В этот наивный мирок уходит он, сам наивный и способный показаться, пожалуй, чуть не юродивым слишком реальному человеку сегодняшнего дня. Полно, уж не мистифицирует ли он вас, рассказывая, как какая-то игрушка ездила с ним вместе в Париж и нагадала ему беды? Но все цельно и в облике и в мировоззрении этого маленького человека с большим лбом и внимательными глубокими глазами.
|
III.
Так не бывает с фальшивящим. И большая и постоянная дума обобщает все, что он говорит и пишет, дума, целиком вышедшая из страничек дневника старца Зосимы. Больная это дума и тяжкая, от которой порой не спится, от которой нельзя отмахнуться. Почему в мире так много страдания, откуда в людях столько зла, где же отдохнуть от всего этого темного, что веками скопилось на земле? Что надо сделать со своим сердцем, чтобы оно все это кротко приняло. Корчится под этой тревогой Ремизов 4 десятка лет. Считает ли он себя теперь человеком, нашедшим этот ответ, ‒ кто его знает, но что временами ответ к нему приходит и ему становится ведома радость, от которой «сердце ходит», ‒ это бесспорно по его только что вышедшей книге «Весеннее порошье».
Это опять такая же особенная и, если хотите, странная книга, как всегда и все у Ремизова. Порошье ‒ это мелочь и прах, какие, например, муравьи тащат в свой муравейник. Весеннее порошье ‒ это прах весенний ‒ «и лепестки тут цветов опавших, и листочки всякие, и усики травок». Это не книга рассказов и не книга легенд. Это что-то в роде записной книжки, сложившейся без особенной заботы о стройности и единстве.
Найдется тут и рассказ в общепринятом смысле, и десятки благочестивых легенд про старых праведников и про ангелов, сходивших на землю, и про души, летящие в небесное отечество. Но рядом и какие-то тихие беседы с излияниями в типичном жанре тех, какие вели старые русские люди в уютных сумерках за остывающим самоваром, и ‒ совсем странность, от которой пришли бы в ужас арбитры былой литературы от Буало до Мерзликова, ‒ запись десятков снов, самых причудливых, невероятных и не осмысленных никакой общей мыслью!

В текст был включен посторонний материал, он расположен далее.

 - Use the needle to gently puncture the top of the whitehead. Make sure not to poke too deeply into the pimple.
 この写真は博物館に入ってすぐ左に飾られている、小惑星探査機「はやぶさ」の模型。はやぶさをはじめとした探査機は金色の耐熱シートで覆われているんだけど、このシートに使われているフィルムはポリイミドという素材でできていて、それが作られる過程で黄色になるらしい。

Пестрая книга, где даже ценитель Ремизова, пожалуй, так-таки и оставит неразрезанными целые десятки страниц, ‒ хотя бы этих снов. Но один ровный свет заливает всю книжку. Маленький, тихий человек с задумчивыми глазами не отходит от вас ни на минуту и все время с вами его неотвязная, мешающая сну дума: отчего так тяжело человеку, и можно ли это принять, и как принять?
|
IV.
Все «Весеннее порошье» ‒ ряд ответов на ремизовские думы. Ответы не всегда определенны; они реют, как бесшумные далекие зарницы, но психологически всегда настолько ясны, что сердцу можно тихо успокоиться под их ровным светом.

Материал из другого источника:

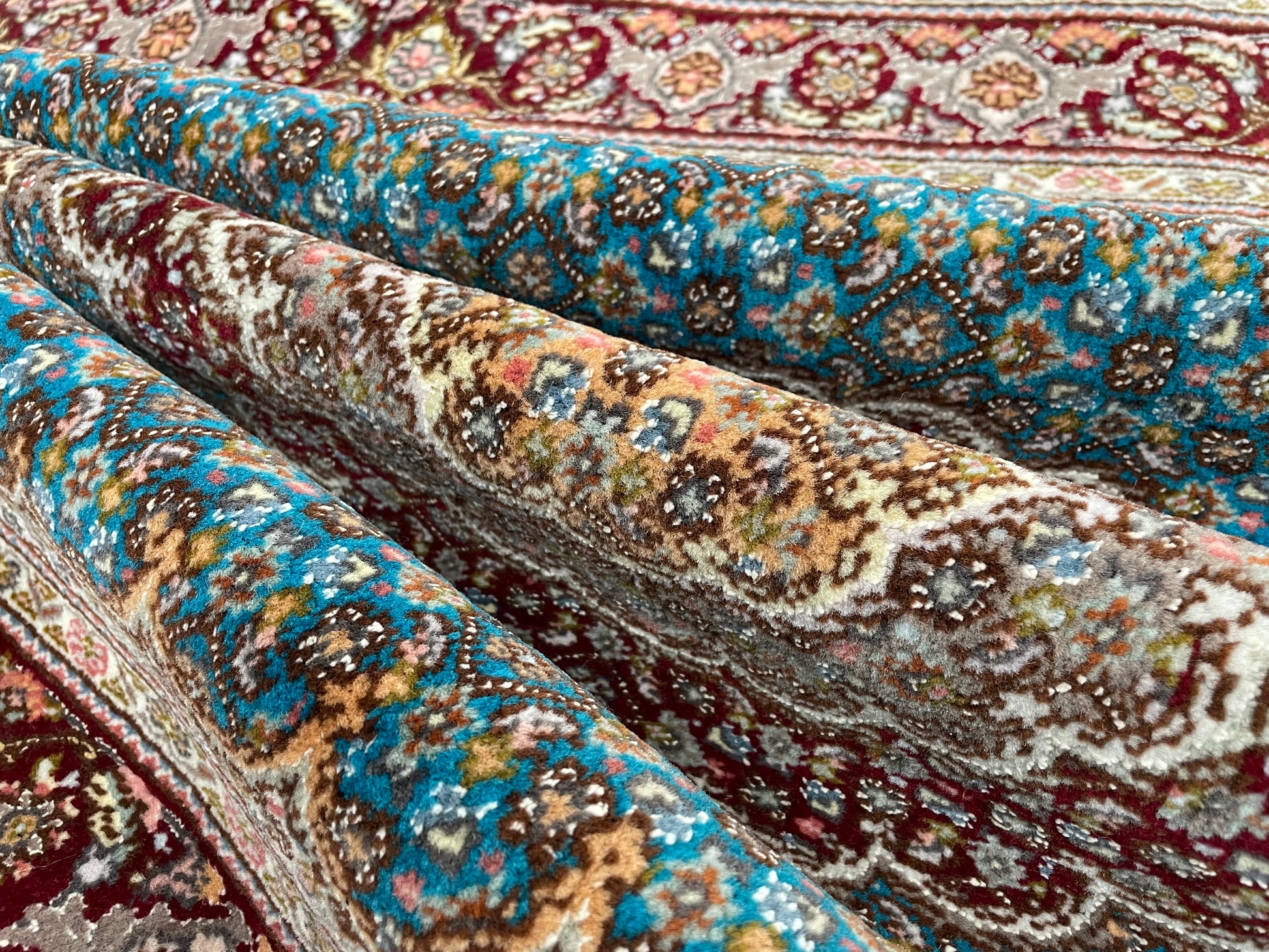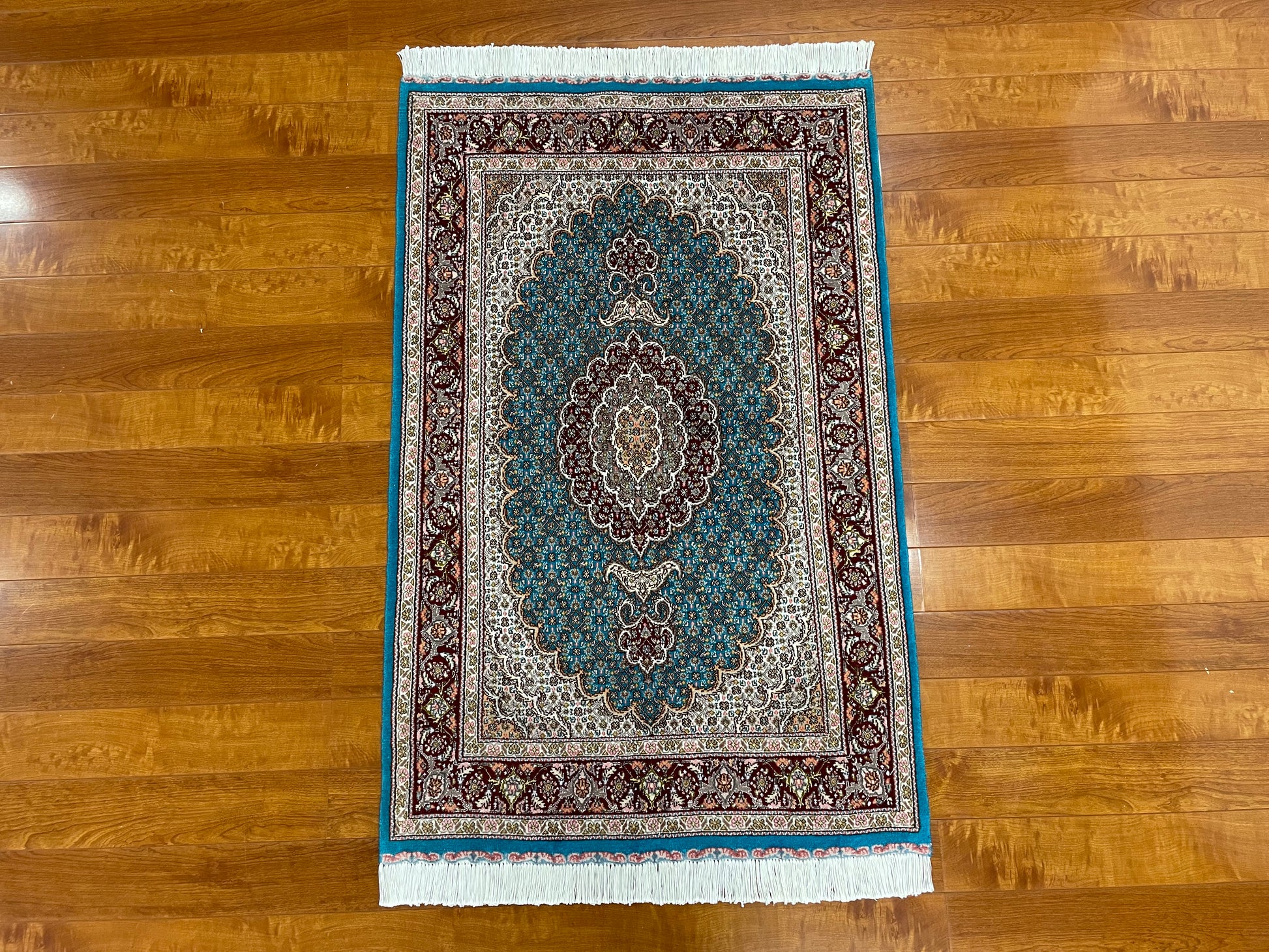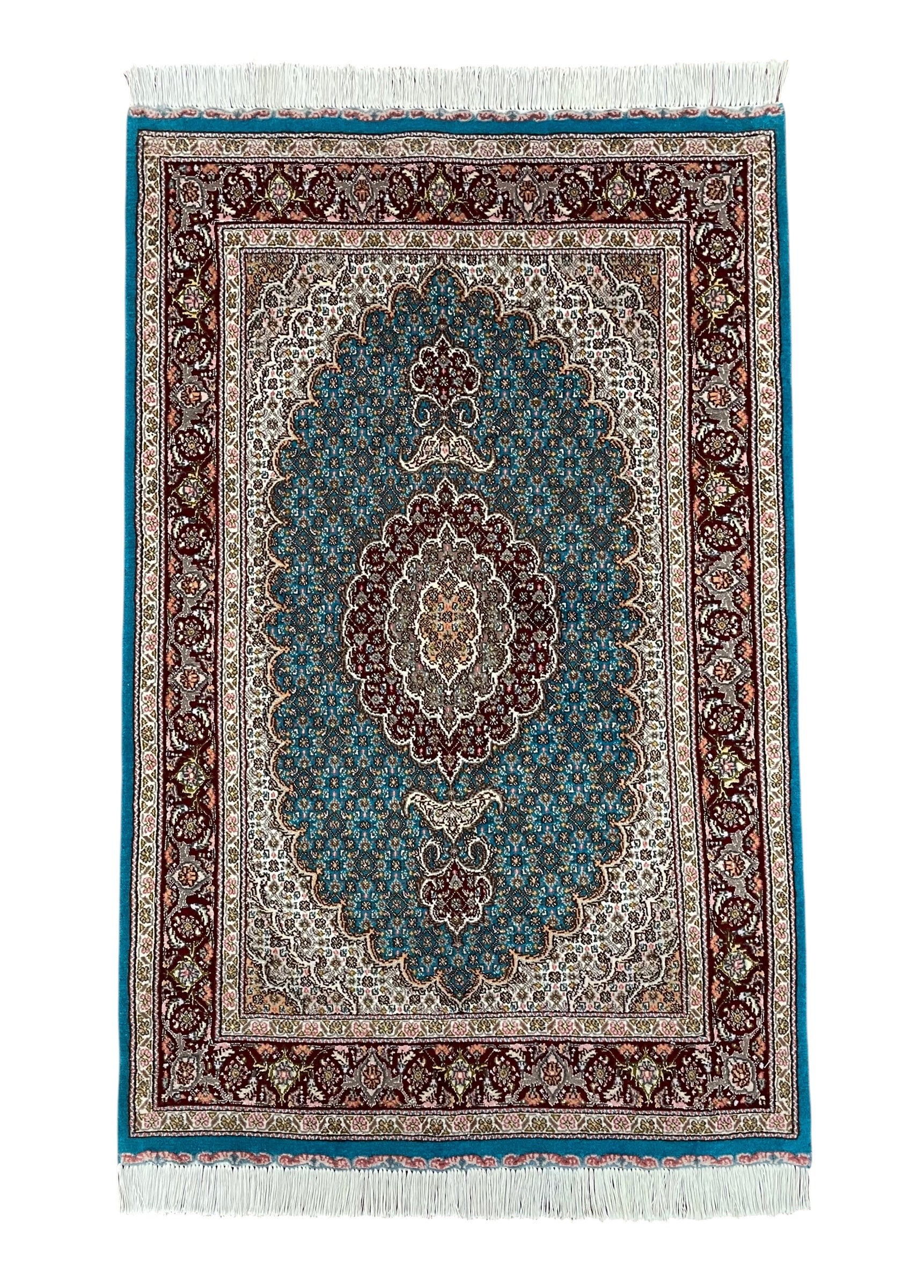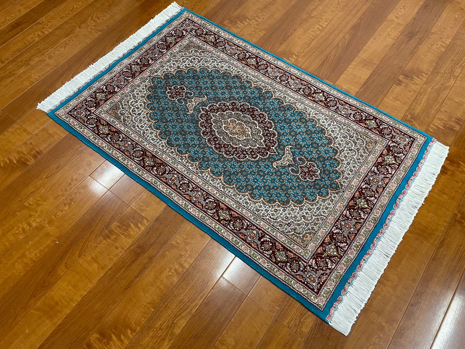 ペルシャ絨毯五大産地のひとつで、緻密な織り、荘厳なメダリオンデザイン、落ち着いた色合いが特徴の、格式高い伝統的なペルシャ絨毯です。タブリーズのデザインはベナム柄(王朝風)やマヒ柄(小魚文様)が代表的です。織密度が緻密で耐久性にとても優れています。

Недаром эти пестрые и разнообразные лоскутки, собранные и с божественных книг, и с улицы, и с поля, и за время дальней поездки в заморский город, Ремизов объединил в особые отделы, которым названия ‒ «свет немерцающий», «свет незаходимый», «свет неприкосновенный» и «свет невечерний».
Сказания эти иногда кратки, как басни. Бытовые картинки укладываются в самый обыкновенный будничный случай. В огромном большинстве они не более, как простое «настроение». Но и там, и тут благочестивая мысль ловит какое-то поучение, порой сияние. Маленькую, хиленькую, приблудную девчонку причастили, ‒ давно не ходила в церковь, ‒ и в этот же день избили, как собачонку. Но пожалел ее добрый захожий человек, и ‒ нежданно переменилась кошмарная жизнь маленького существа. Ехали в трамвае люди злые, с зверскими лицами. Но вошел мастеровой с двумя голодными детьми и попросил милостыни. И вдруг все эти люди «с насекомыми лицами» потянули к мастеровому свои копейки. Посмотрел рассказчик на чудовище и не узнал никого. «За чудом далеко не надо ходить, оно тут всякую минуту перед глазами, ‒ только смотри и замечай».

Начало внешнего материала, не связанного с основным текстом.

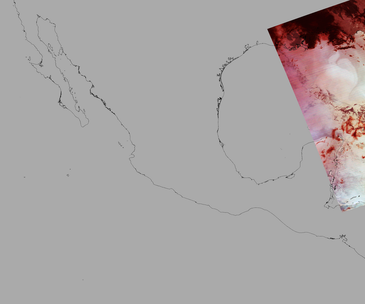 Nubosidad sobre el terreno:27% Nubosidad sobre México:0% Datos nulos en la escena:87% Datos nulos sobre México:97% |

Так смотрит и замечает Ремизов, и все умиляет его, ‒ мысль о старой бабке, что когда-то давала ему, ребенку, яблочки, о ребенке, которому купили зайца и который боится, что случайный сосед-генерал украдет у него игрушку, и закулисная жизнь цирковых папуасов, которые когда-то ели людей, а теперь при нем едят бананы.
|
V.
Ремизов полон таких умилений, которые были бы неприятны, если бы были сколько-нибудь искусственны, если бы в самом тоне и стиле его записи не чувствовалось огромной и подкупающей искренности. Это кроткое приятие земли, земного страдания, даже человеческого греха, ибо он через минуту чудом может превратиться в добро, ‒ не Бог знает, какая новая и глубокая философия. Это ‒ кроткая философия Зосимы из Достоевского, но она давала и дает, в частности в России, могучее удовлетворение мятежным душам, какого никогда не знали утонченнейшие из философов.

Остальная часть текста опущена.